2. O AORISTO EM PORTUGUÊS: TEMPO OU ASPECTO VERBAL? Os estudos pontuais sobre os efeitos da veia historicista que se instala nos estudos linguísticos brasileiros não raro proporcionam agradáveis surpresas, sobretudo no que tange a hipóteses teóricas que se podem qualificar como inusitadas, não obstante dignas de reflexão, e que, por tal motivo, não receberam acolhimento geral. Este é o caso da proposta de conceituação e denominação dos tempos verbais portugueses oferecida por Julio Ribeiro em sua Gramática portuguesa (1910 [1881]). Lá encontramos, entre outros conceitos idiossincráticos – alguns, como o paradigma da quarta conjugação constituída do verbo pôr e seus derivados, que gozam de aceitação mais ampla4–, a vinculação do gerúndio e do gerúndio anterior à forma nominal de infinitivo (infinito) e a denominação de aoristo ao pretérito perfeito simples do indicativo. Não há, salvo melhor juízo, semelhante referência ao pretérito perfeito em outros estudos vernáculos brasileiros, fato que, por si só, reveste a proposta de Ribeiro de inegável exclusividade do ponto de vista historiográfico.

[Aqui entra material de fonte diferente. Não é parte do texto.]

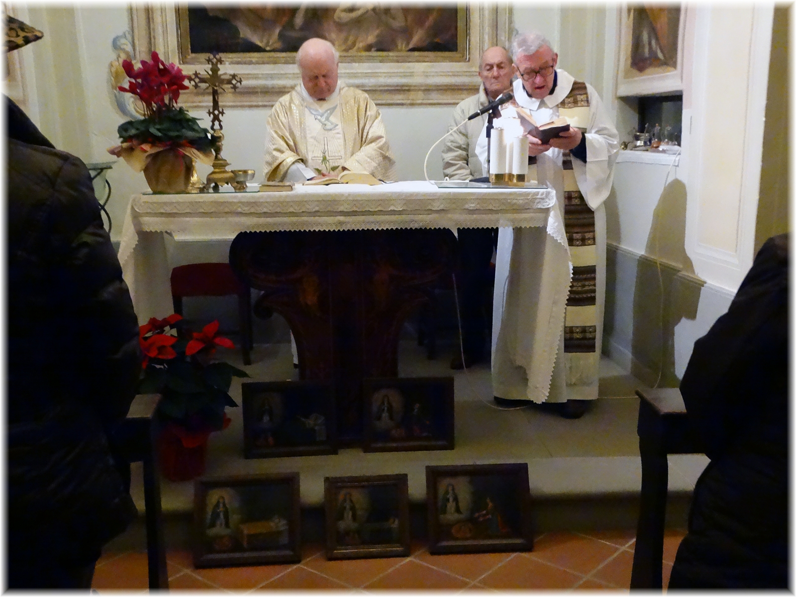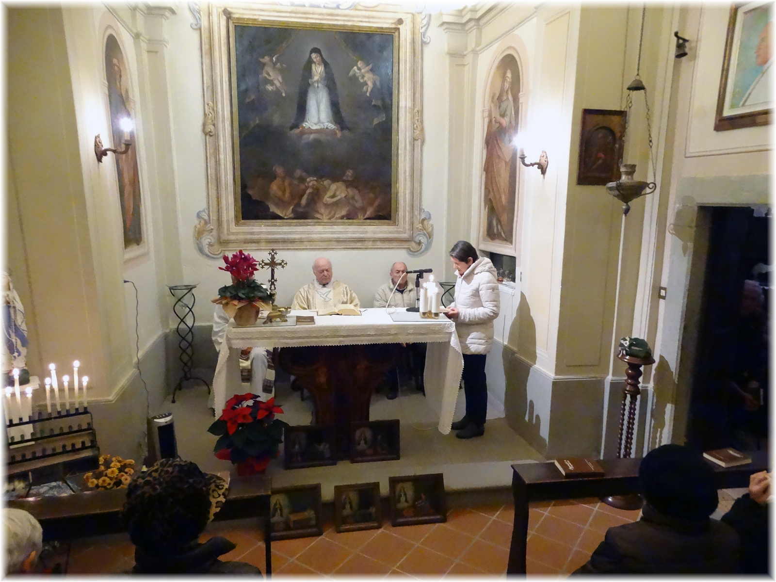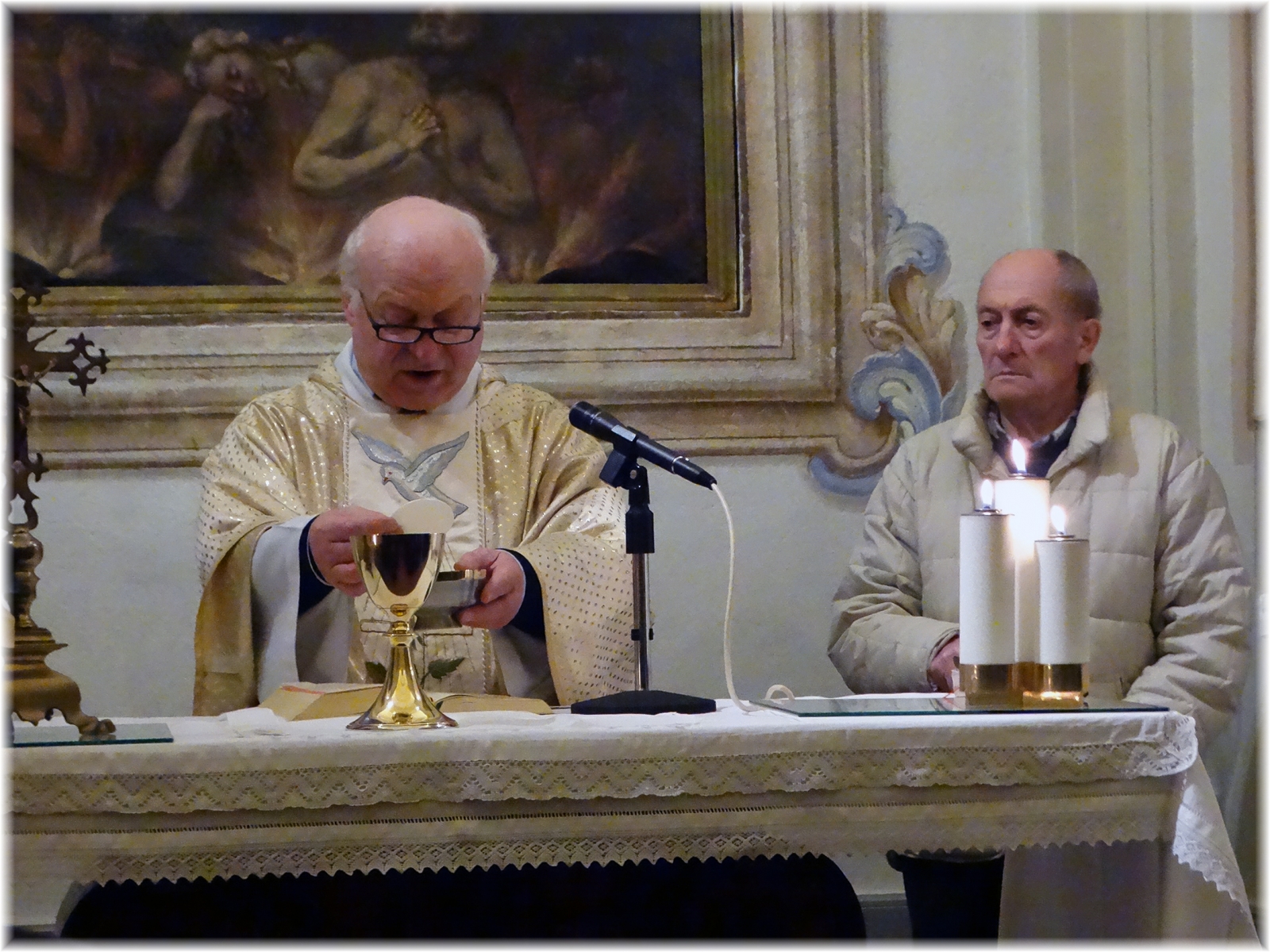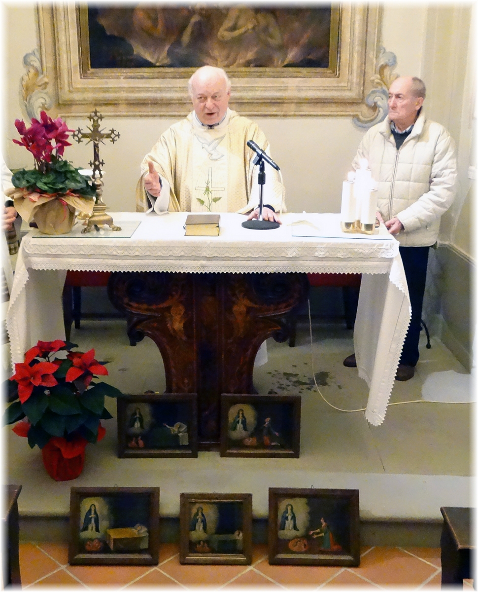 Celebrazione della Santa Messa nel tardo pomeriggio di venerdì 29 novembre alla chiesa della Ronchella nel ricordo dell’anniversario di quando nel lontano 1718 fu costruita la cappella dei Morti della peste. Per questa ricorrenza sono stati ricollocati al loro posto d’origine 6 piccoli quadri che a suo tempo la pietà popolare, nell’esprimere la propria riconoscenza per la grazia ricevuta, ebbe a donare ad imperitura memoria. Sei piccoli capolavori artistici che la paziente opera della restauratrice bergamasca Roberta Grazioli ha rimesso a nuovo e portato alla sua luce originale, tanto da poterne ora ammirare la splendida colorazione cromatica e la peculiare intensità espressiva che all’attento visitatore suscita un’intensa emozione e un sentimento di pia gratitudine.
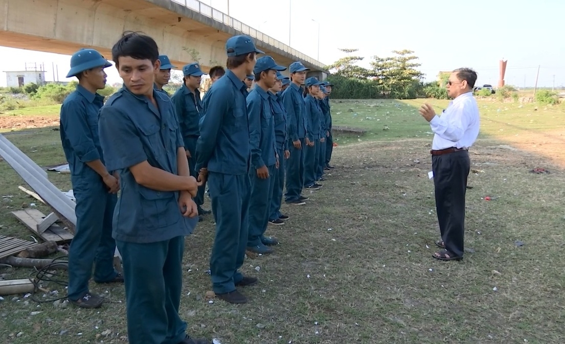| Ông Trần Đình Lập kể chuyện truyền thống cùng dân quân trẻ phường Quảng Thuận bên bến phà Gianh II |
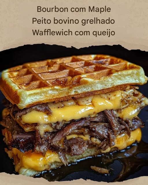 Uma versão ousada da comida reconfortante, este Wafflewich com Queijo Grelhado de Brisket ao Bourbon e Maple combina doce, defumado e saboroso em cada mordida. Brisket macio, cozido lentamente em bourbon e xarope de bordo, é coberto com queijo cheddar derretido, grelhado entre fatias de pão amanteigado e, por fim, prensado entre waffles. Sim, é tão incrível quanto parece.
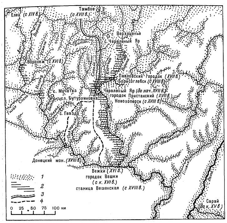 Третье. Относительно пределов Червлёного Яра, то со времени Иловайского стало популярным представление, что она включает всё обширное пространство междуречья Дона и Хопра. Но из самих источников это совсем не следует. Караулы по Хопру до Дона значатся отдельно от Червлёного Яра, а о районе Воронежа в грамотах нет и помину. Современные исследователи (Шенников) обнаружили на Дону несколько конкретных мест с названием Червлёный Яр. Но это не доказывает наименование для всей обширной территории междуречья. Название весьма популярное. Достаточно вспомнить, что в более современном варианте (Красный Яр) на Волге и в Сибири имеются десятки мест с таким названием. Так что вполне может быть справедливой версия о том, что Червлёный Яр был лишь сравнительно небольшой областью в районе рек Ворона и Савала.
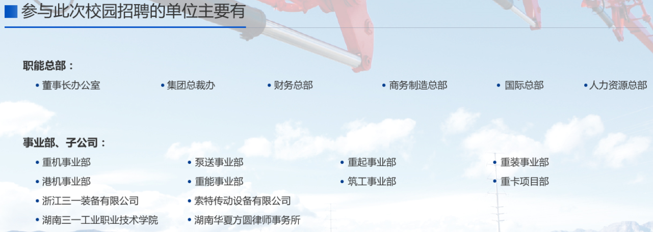 招聘职位及申请网址:http://sany.zhaopin.com/job.html
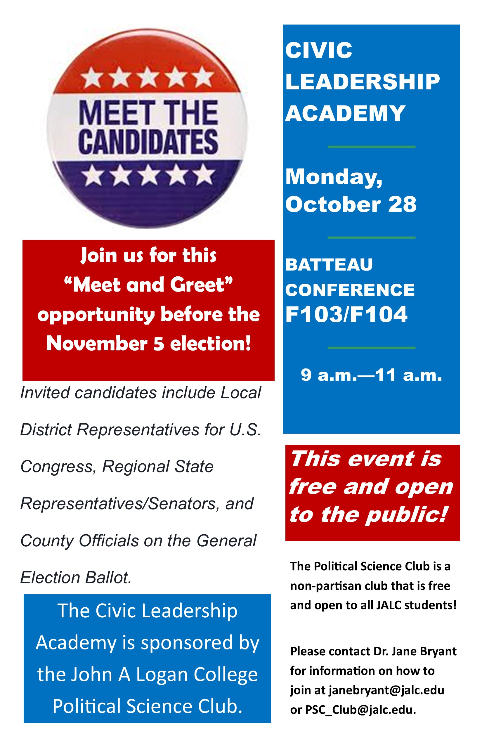The John A Logan Political Science Club is hosting a Meet & Greet, Monday, October 28th in the Batteau Conference Room F103/F104 from 9 a.m. - 11 a.m.
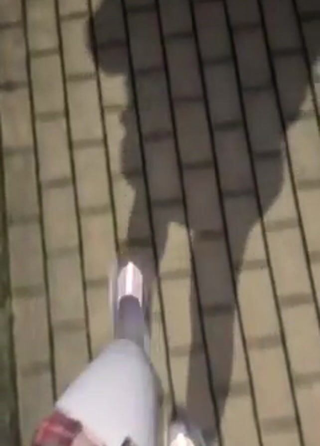two people walking on a brick sidewalk. The camera is positioned low to the ground, likely held by one of the walkers, focusing on their feet and the ground. One person is wearing grey shoes and light-colored pants, and the other person has blue shoes. Shadows are visible, indicating a light source, possibly overhead. The bricks on the sidewalk are light-colored and appear evenly spaced. The ground is slightly uneven.
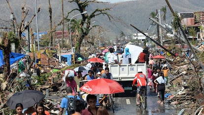 Al menos 10.000 personas se cree que han muerto solo en una de las provincias que resultaron devastadas por el supertifón que azotó Filipinas el viernes pasado, según el último balance de la policía del país asiático. Este domingo, dos días después, comienza a percibirse el gran alcance de la tragedia. Pueblos arrasados por olas de cinco y seis metros provocadas por el huracán, barrios enteros destruidos, cadáveres colgando de los árboles, viviendas arrancadas de cuajo, amasijos de escombros. Son las imágenes que llegan del que se perfila como el peor desastre natural jamás registrado en Filipinas. Poco después de alcanzar la costa, Haiyan sopló con vientos de 314 kilómetros por hora y rachas de 378, que arrasaron todo a su paso. En la madrugada de este lunes tocó tierra en Vietnam, según informó el Centro de Alerta de Tifones de EE UU.
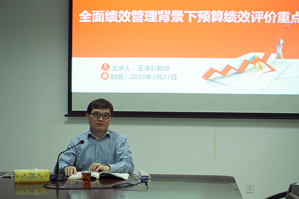 讲座中,王泽彩从今年全国两会入手,结合具体事例分析了财政制度改革、全面绩效管理、税制改革这三部分内容,并就预算编制、绩效研究、预算公开等方面的学术研究提出了指导意见。王泽彩将自身工作经历与现代社会发展现状相结合,对2018年两会文件进行解读并发表了自身见解,强调加强绩效指标体系建设、推进预算改革对现代社会发展的重要性。
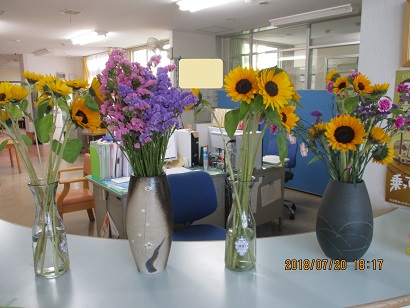 こちらは利用者さまのご家族さまから頂いたお花です
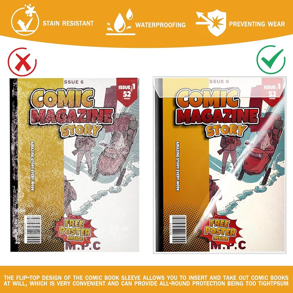 • مريح وسهل الاستخدام: يتيح لك التصميم القلاب لغلاف الكتاب الهزلي إدخال الكتب الهزلية وإخراجها حسب الرغبة، وهو مريح للغاية ويمكن أن يوفر حماية شاملة، مما يجعل مجموعتك الهزلية آمنة وسريعة ومنظمة
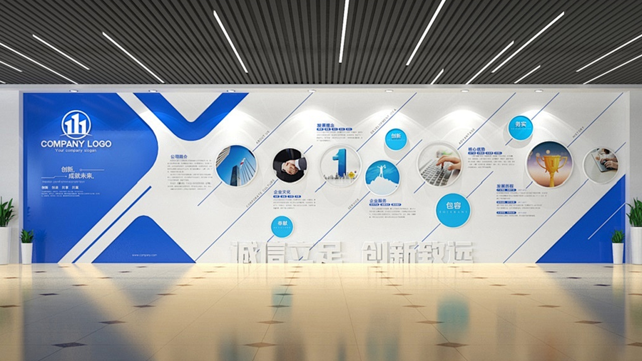 要做的文化墻顯大氣,整體版面盡量用亮膜PVC的材質(zhì)或者選用具有質(zhì)感的材質(zhì),造型簡(jiǎn)潔,復(fù)雜的造型短時(shí)間可以,長(zhǎng)時(shí)間就不太耐看。所以要采用簡(jiǎn)潔的造型,方形圓形、橢圓等來(lái)表現(xiàn)既簡(jiǎn)潔又大氣。在顏色運(yùn)用方面控制在三個(gè)顏色以內(nèi),國(guó)際的設(shè)計(jì)標(biāo)準(zhǔn)超過(guò)三種色人們?cè)趨⒂^的時(shí)候就會(huì)感到視覺疲勞。我們的文化墻使用來(lái)閱讀的,一定不能讓人感覺到疲倦。

A Gramática portuguesa, conforme já assinalamos, merece destaque no conjunto das obras publicadas no último quartel do século XIX tendo em vista constituir-se na primeira descrição sistêmica do português no Brasil em que se empregam as bases da linguística histórico-comparativa, razão por que sua primeira edição, de 1881, inaugura o ciclo da gramática científica brasileira, ou do período científico da gramática brasileira5. Na esteira de Ribeiro, inúmeros outros trabalhos sucederam-se em rica produção filológica ao longo de aproximadamente trinta anos, com autores de renomada expressão envolvidos na aplicação do método comparativo na descrição linguística do português. Citem-se, por exemplo, Manuel Pacheco da Silva Júnior (1842-1899), Maximino de Araújo Maciel (1866-1923) e Heráclito Graça (1837-1914), entre outros, que, entusiasmados com as novas bases do cientificismo positivista, contribuíram a seu turno para o estudo e esclarecimento dos fatos da língua. Por outro lado, muitas das convicções de Ribeiro resultavam em antagônica investida às conquistas recentes da romanística de seu tempo, fato que deixa vislumbrar uma certa irredutibilidade de princípios. Este é o caso da aqui referida distribuição dos verbos portugueses em quatro conjugações, em flagrante atropelo das

4 Veja Maciel (1894 [1910], p. 185] e Pereira (s.d. [1907], p. 100). 5 Sobre o conceito historiográfico de Gramática Científica, leia Cavaliere (2000), Cavaliere (2002), Fávero e Molina (2006), Gonçalves

(2011).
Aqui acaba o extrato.